From 1985 to 1989, the Puster Valley Railway and the Drava Valley Railway were electrified on the basis of a treaty between Italy and Austria signed in 1984. At the same time, almost all viaducts were renewed and all tunnels were enlarged to allow electrical operation during two closures of the line in 1986 and 1988. Special efforts were required for the tunnel near Welsberg (Monguelfo), where, due to constant collapses, the entire ground cover of the 140 m long tunnel was removed and replaced after the construction of a new tunnel structure. While the Puster Valley Railway is equipped with the Italian electrical system (3 kV DC), the Drava Valley Railway is equipped with the Austrian electrical system (15 kV / 16.7 Hz AC). The voltage change point is located in Innichen station. While operations continued, electrical operations commenced at the timetable change on 28 May 1989. During the electrification in the Puster Valley, many crossings were replaced by underpasses. This involved tracks and embankment being removed during the night and prefabricated underpasses being inserted hydraulically. In addition, the trackwork and track base were reinforced and the station facilities were rebuilt. The purpose of the electrification was the relief of the Brenner Railway, with the intention of the Italian side to deliver up to ten pairs of freight trains a day including a rolling highway service to run on the Puster Valley Railway. This has never happened. In fact, the opposite happened, because while the Val Pusteria/Pustertal had previously been a well-used international express service on the Vienna South–Villach–Lienz–Franzensfeste–Innsbruck route, it was discontinued at the May 1996 timetable change, meaning there is no longer any cross-border long-distance traffic in the Puster Valley Railway.

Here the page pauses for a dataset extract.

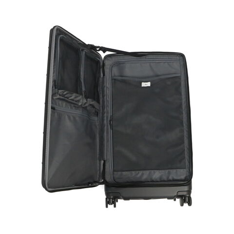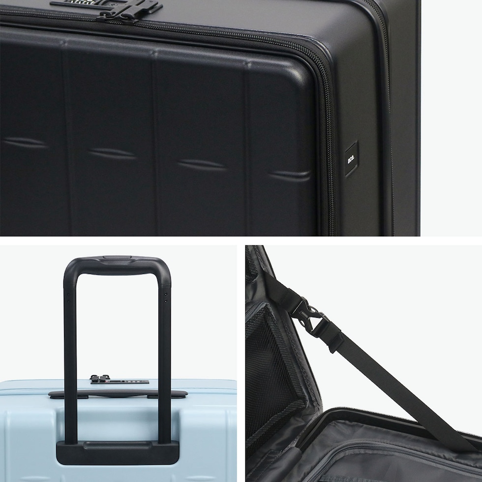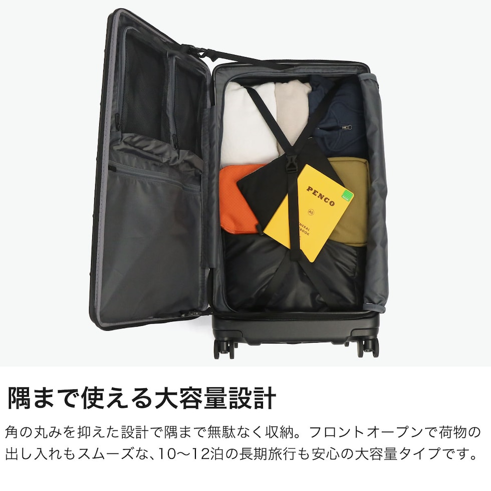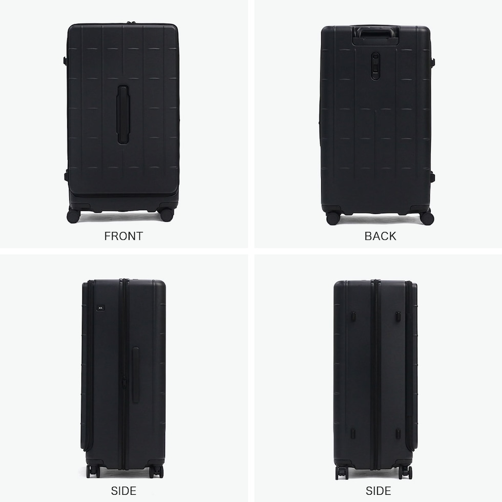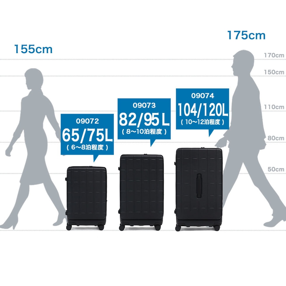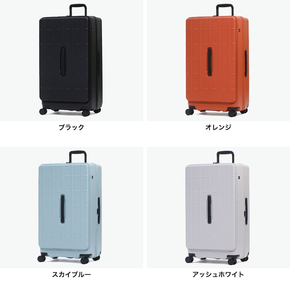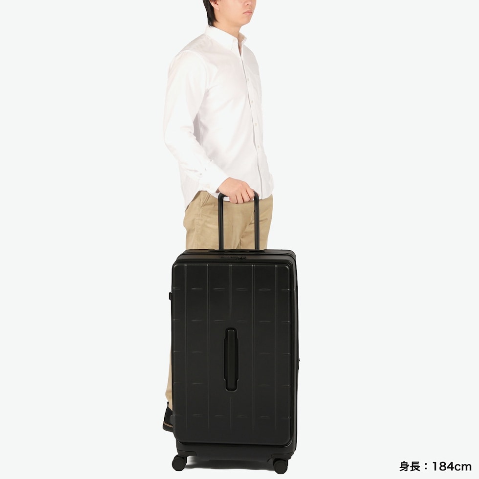 大容量キャリーケース シンプルな格子状のデザインがポイントのフロントオープンタイプの『トレリスZ』のスーツケース。荷物に応じて104/120Lに拡張可能なエキスパンダブルデザイン。また、不意な走行を防ぐキャスターストッパーや、走行時も快適な静音キャスターを装備。内装スペースを有効活用でき荷物が収納しやすいフロントオープン仕様で、個人でもファミリーでも使い勝手の良いアイテムです。 |

Between 2008 and 2010, Südtiroler Transportstrukturen (South Tyrol transport infrastructure; STA), which coordinates transport in the province of South Tyrol, financed the total renovation of the Puster Valley Railway. The route was initially prepared by adapting the stations and the interlockings to support a half-hour cycle, which was introduced gradually up to December 2009. All stations were equipped with 55 cm high platforms and underpasses, enabling the time-saving, simultaneous entry of crossing trains. The remote-control signalling and passenger information systems were also brought up to date with the latest technology. Waiting rooms were also renewed, lifts built, station areas rearranged, eight new trains purchased, car and bicycle parking spaces were installed and two new stations were built: St. Lorenzen station was opened in December 2008 and Percha-Kronplatz station, which is directly connected to the Kronplatz ski resort by cable car, on 12 December 2010. As a result of these measures, the number of passengers tripled within five years (January–November 2006: 312,000 passengers; January–November 2011: 980,000 passengers).

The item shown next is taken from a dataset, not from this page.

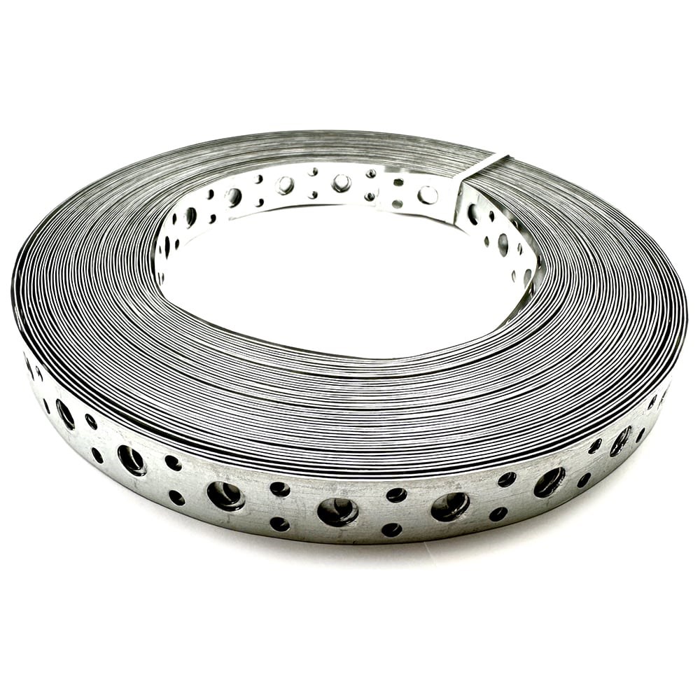 Монтажная перфорированная лента применяется при выполнении широкого спектра монтажных работ, сантехнических, электротехнических, при прокладке систем кондиционирования и вентиляции воздуха. Используется для крепления и фиксации труб и кабелей к строительному основанию, для создания легких подвесных конструкций. Лента монтажная перфорированная прямая для прямого монтажа ЛМП представляет собой стальную полосу с прямой кромкой оснащенную сквозными технологическими отверстиями. Крепежное изделие универсального назначения производится в рулонах длиной 25 м с возможностью нарезки сегментов нужной длины. Перфорация ленты нанесена в три ряда с равным шагом, по центру расположены отверстия большого диаметра по краям малого. Монтажная лента изготовлена из оцинкованного стального листа, что гарантирует прочность и стойкость к атмосферным факторам окружающей среды. Большое количество отверстий позволит быстро закрепить ленту с помощью гвоздей или саморезов в нужном месте. Также данная лента крепится к бетонным, кирпичным и металлическим основаниям с помощью пристрелки пневматическим гвоздезабивным пистолетом. Крепление осуществляется за счет забивания гвоздя в материал. Предельная простота операции. Такой способ в отличии от анкерного крепления не требует сверления стен, не нуждается в дюбелях и винтах ― требуются только монтажный пистолет и гвозди. Перед использованием ленты выставите на гвоздезабивном пистолете минимальную степень заглубления гвоздя Срок службы: не менее 20 лет.

The new Bruneck Nord station was opened near the hospital in October 2013. The new Vierschach station, which was connected by cable car to Helm and the associated ski resort, was opened in December 2014.

== Operations==
Prior to electrification, steam-hauled trains were mainly operated, initially with locomotives from the Austrian Southern Railway Company, and from 1918 from Ferrovie dello Stato Italiane (FS). Class 740, 741 and 940 locomotives were common until the early 1980s. The use of diesel locomotives and diesel multiple units lasted only for a short time. After mixed electrical operations with a locomotive change in Innichen, only two-system Stadler Flirt articulated multiple units have been operated by SAD Nahverkehr (Südtiroler Automobildienst, "South Tyrol automotive service local transport") and FS. Between Franzensfeste and Innichen there is a 30 minute cycle during the day, and also on weekends during the winter season. Every second train continues to Lienz. In winter, the trains terminating in Innichen run to Sillian, but do not stop in Weitlanbrunn. Some trains are also connected to the Brenner Railway and continue to Merano.

== Freight traffic==
The pairs of freight trains foreseen in the planning of the electrification did not materialise, but before the new Tarvisio–Udine railway (Pontebbana) was completed in the early 1990s, several empty freight trains ran daily. In addition, imports of the Fiat models, Panda, Cinquecento and Seicento, made in Poland were handled over the Puster Valley Railway. The line was only of particular importance for a short time when the Brenner Railway was closed, when almost a hundred freight and long-distance trains used the line.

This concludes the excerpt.